HUMILDADE E DESPORTIVISMO
A celebração, por Eusébio, da conquista da Taça dos Clubes Campeões Europeus, de tronco nu carregado em ombros, é uma imagem icónica. Com uma das suas mãos, enfiada nos calções, agarrava a camisola de Di Stéfano. A blanca do seu ídolo no futebol era, para o moçambicano, tão valiosa quanto a conquista da prova europeia, não obstante a sua participação decisiva no desfecho do encontro. Outro gesto do astro do Benfica por todos recordado foi o cumprimento a Stepney, guarda-redes do Manchester United, pela defesa a remate isolado, próximo do derradeiro apito, que daria a vitória ao Benfica na final da Taça dos Clubes Campeões Europeus em 1968.
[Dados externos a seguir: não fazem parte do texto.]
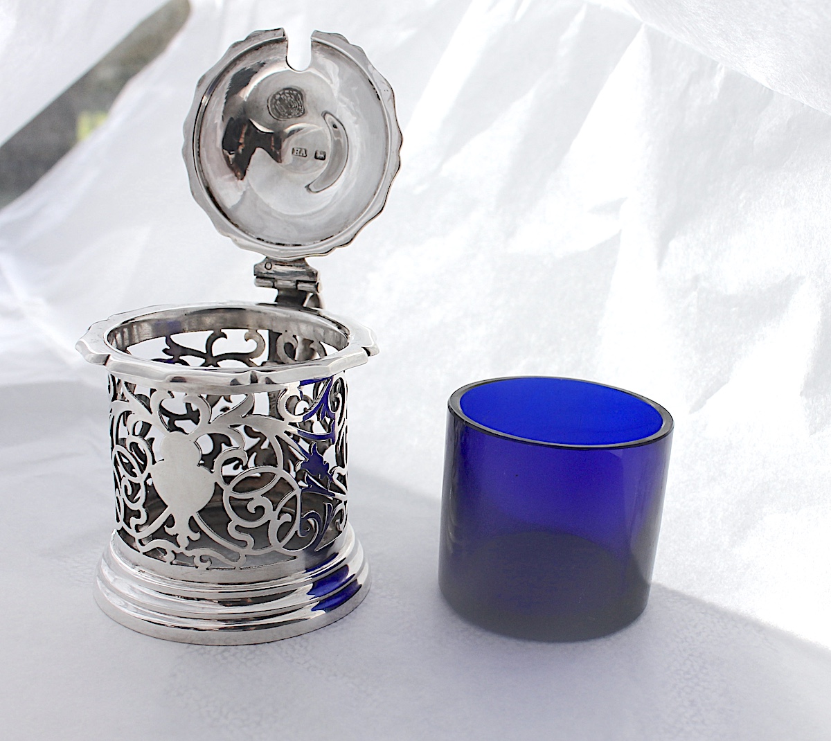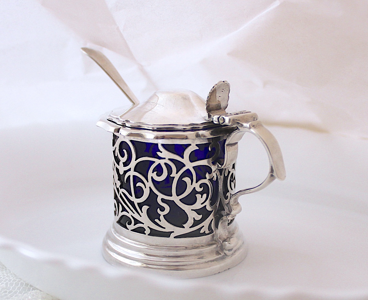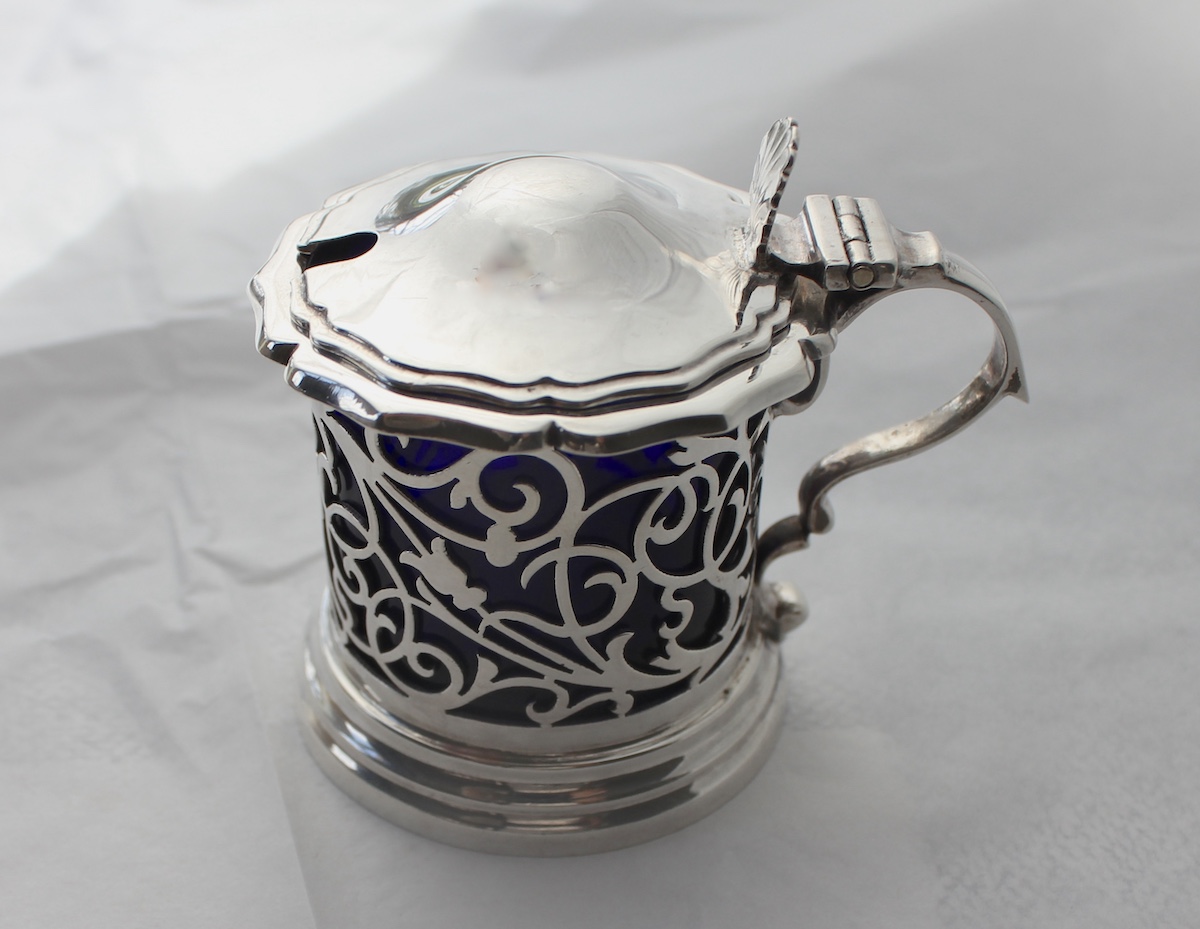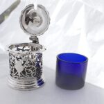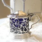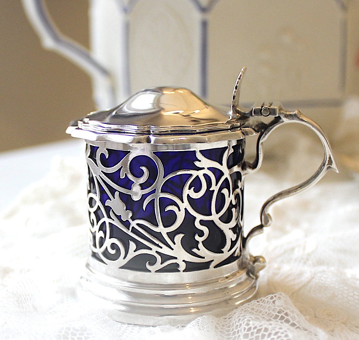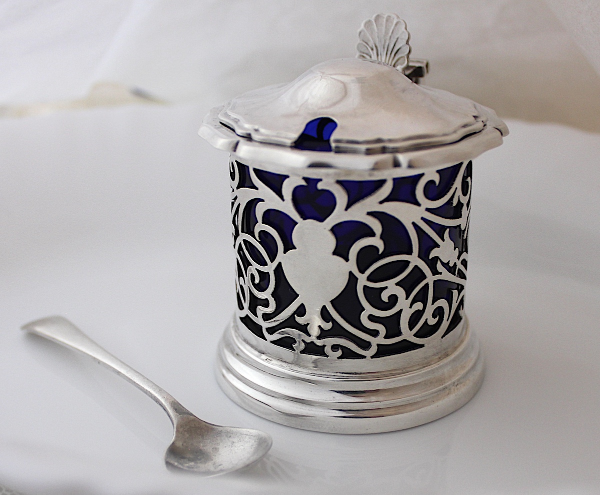 小ぶりながら、精緻なピアス細工が施されたガラスケース付きのマスタード入れです。マスタード入れ、というアイテムではありますが、それにこだわらず、塩やスパイス、ネギ、生姜、あるいはティータイムのお砂糖やミニサイズのジャム入れ、蜂蜜など、もう、なんにでも使ってちょうだい、な、優秀万能アイテムです。今回は、同じくスターリングシルバー製の小さなスプーンもおつけします。青ガラスに、ヒビ、カケなどはありません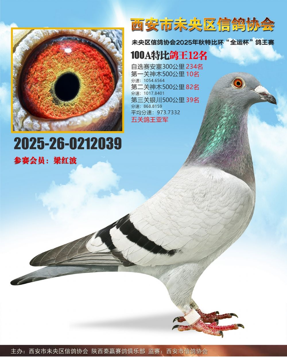 1612832 未央鸽协100A特比鸽王18名 ¥1200元 3次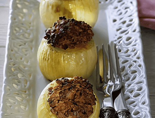 Onion stuffed with meat and herbs is a refined dish of European cuisine, rooted in ancient traditions of using onion as a natural container for stuffing. The combination of juicy minced meat, aromatic herbs, and the tender texture of baked onion creates a harmony of flavors. Small yet rich portions are perfect for a cozy family dinner or a festive feast. Baked onion acquires a sweet softness that complements the spicy meat filling. Herbs like thyme, parsley, and basil add freshness and sophistication to the stuffing. This dish can be served on its own or with a side of fresh vegetables or light mashed potatoes. The simplicity of preparation makes it accessible for any level of culinary skill, while the taste is unforgettable.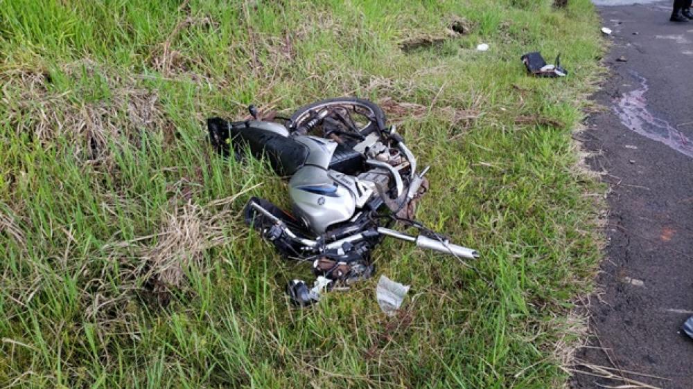 A colisão foi entre um caminhão com placas de Pinhal de São Bento que seguia sentido a Ampére e uma motocicleta que trafegava no sentido contrário.

Estes são apenas dois dos muitos episódios reveladores da personalidade de Eusébio, por todos reconhecida e apreciada, até por adversários bastas vezes "castigados", em campo, pela genialidade do símbolo do Benfica.

HOMENAGEM EM VIDA E MORTE
Eusébio faleceu em 5 de janeiro de 2014, tinha 71 anos. A romaria de milhares de benfiquistas ao Estádio da Luz, ao longo desse dia e do seguinte, foi impressionante. Assim como o foi a presença de tantos milhares de adeptos nas ruas de Lisboa para acompanharem o cortejo fúnebre. As homenagens prestadas por clubes de todo o mundo fizeram jus a um dos mais formidáveis jogadores da história do futebol. As realizadas por Real Madrid e Manchester United sobressaíram entre as demais.
Diz-se, no entanto, que as homenagens devem ser feitas em vida. Eusébio teve muitas e mereceu-as todas. Embaixador do Benfica e da seleção nacional, foi imensamente acarinhado por adeptos locais onde quer que se deslocou no estrangeiro. O Benfica criou a Eusébio Cup, dedicou-lhe um espaço exclusivo no museu e erigiu uma estátua, inaugurada em 1992 por ocasião do 50.º aniversário da maior figura do Clube, que ainda hoje é cenário preferencial de fotografias no Estádio da Luz.
O enorme Benfica tornou-se ainda maior com Eusébio. Uma lenda, um mito, protagonista de incontáveis feitos extraordinários e bem reais. Obrigado!"